Мать нахмурилась, не понимая, как еще мясник может выставлять свой товар, но промолчала.
- Если честно, я лично предпочитаю рыбу, - заявила миссис Картер.
Мне наскучила их беседа, и я потянул Питера обратно в игру, но он вырвался и помотал головой, поддал мяч коленом на весу раз десять, а потом снова уронил. Сильвия молча наблюдала. Потом, словно забыв о нем, поглядела на меня, чуть приподняла уголки губ - намек на улыбку, - но тут же отвернулась и скрылась за парадной дверью, отправившись исследовать свой новый дом.
По мне, на этом про нее можно было забыть.
Но очень скоро она стала существенной частью нашей жизни. Питер явно влюбился в нее по уши, и мне стало очевидно: если я попытаюсь изгнать ее из нашего общества, кончится тем, что меня самого изгонят, а об этом я даже думать боялся.
Но вскоре случилось нечто странное.

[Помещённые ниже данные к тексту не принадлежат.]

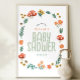 This cute and rustic baby shower welcome sign features adorable woodland illustrations, with mushrooms, acorns, greenery, and flowers, and space to add a name and date. The perfect nature design for your baby shower!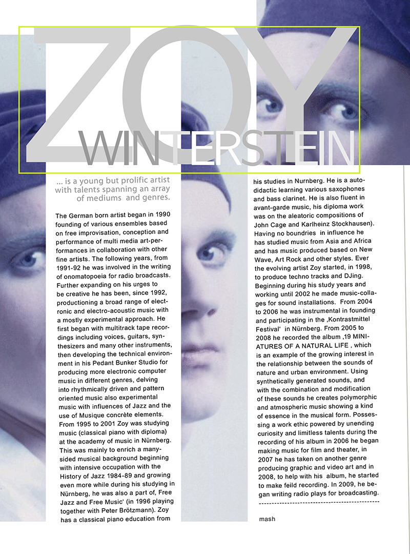 - a many-sided musical background beginning with the intensive occupation with the history of Jazz 1984-89, Free Jazz and Free Music (1996 playing together with Peter Brötzmann),

То ли из-за явного неравнодушия Питера к Сильвии, то ли из-за моего очевидного равнодушия к ней она перенесла свое внимание на меня.

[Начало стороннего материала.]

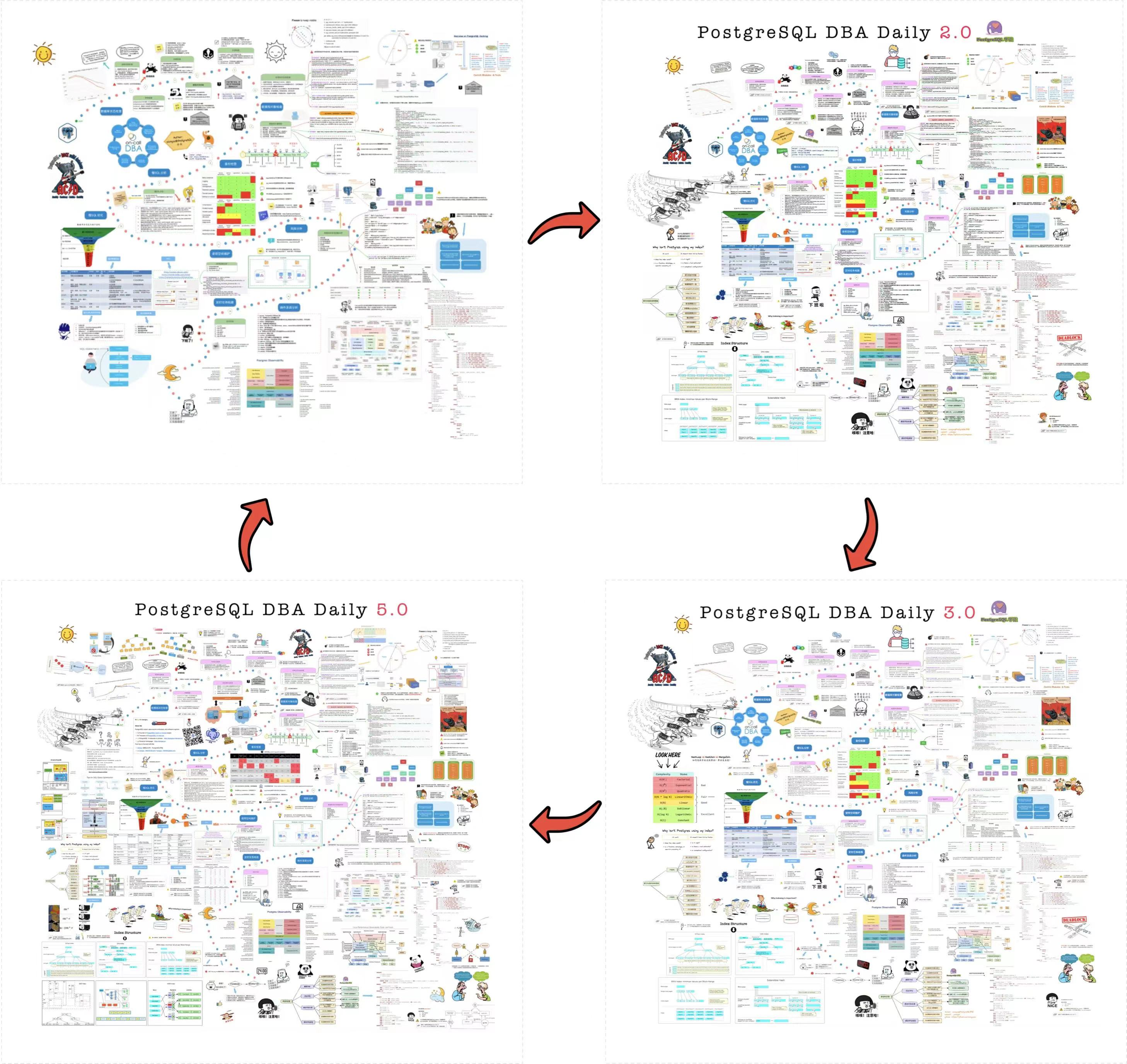 另一个值得称道的是,笔者依然忙里偷闲,继续打磨着 PostgreSQL DBA Daily 大图,迄今已经迭代至 5.0 (PostgreSQL DBA Daily 5.0 那些事儿),一经面世,好评连连,相信也已经有不少读者朋友们都收到了纸质版

- А Питера не позовем? - спрашивал я, когда Сильвия появлялась на пороге, фонтанируя идеями - куда пойти и как развлечься. Она в ответ мотала головой:
- В другой раз. Он такой нудный, он только все испортит.
Меня страшно бесило, когда она так обижала моего друга. Я бы заступился за него, но, наверное, мне было лестно ее внимание. Она привлекала меня своей необычностью - ведь она выросла где-то в другом месте, не в Чизике, а ее тетя вообще жила в Париже! Кроме того, Сильвия, несомненно, была красива. Все мальчишки хотели с ней дружить; Питер жаждал завоевать ее благосклонность. И все же она решила даровать эту благосклонность мне. Что и говорить, я был польщен.
Питер не мог этого не заметить. Он сходил с ума от ревности, а я терзался, не зная, как поступить. Я понимал: чем дольше я поощряю внимание Сильвии, тем меньше вероятность, что она бросит меня и вернется к моему другу.
Близился мой шестнадцатый день рождения, и я страдал все сильнее. У меня в голове прояснилось - я уже понимал, что именно чувствую к Питеру, и чувства жгли меня еще сильней оттого, что я никак не мог высказать их или воплотить в жизнь. Я лежал в темноте, сжавшись в комок на кровати и то подхлестывая самые отвратительные фантазии, чтобы скрасить ночные часы, то честно пытаясь отринуть их, боясь того, что они означают. Пришло лето, и мы с Питером все чаще совершали вылазки на Темзу, на острова ниже Кью-Бридж. Я все время затевал ролевые игры, стараясь, чтобы они вели к физическому контакту, но всегда в самый напряженный момент трусил и отыгрывал назад, страшась разоблачения.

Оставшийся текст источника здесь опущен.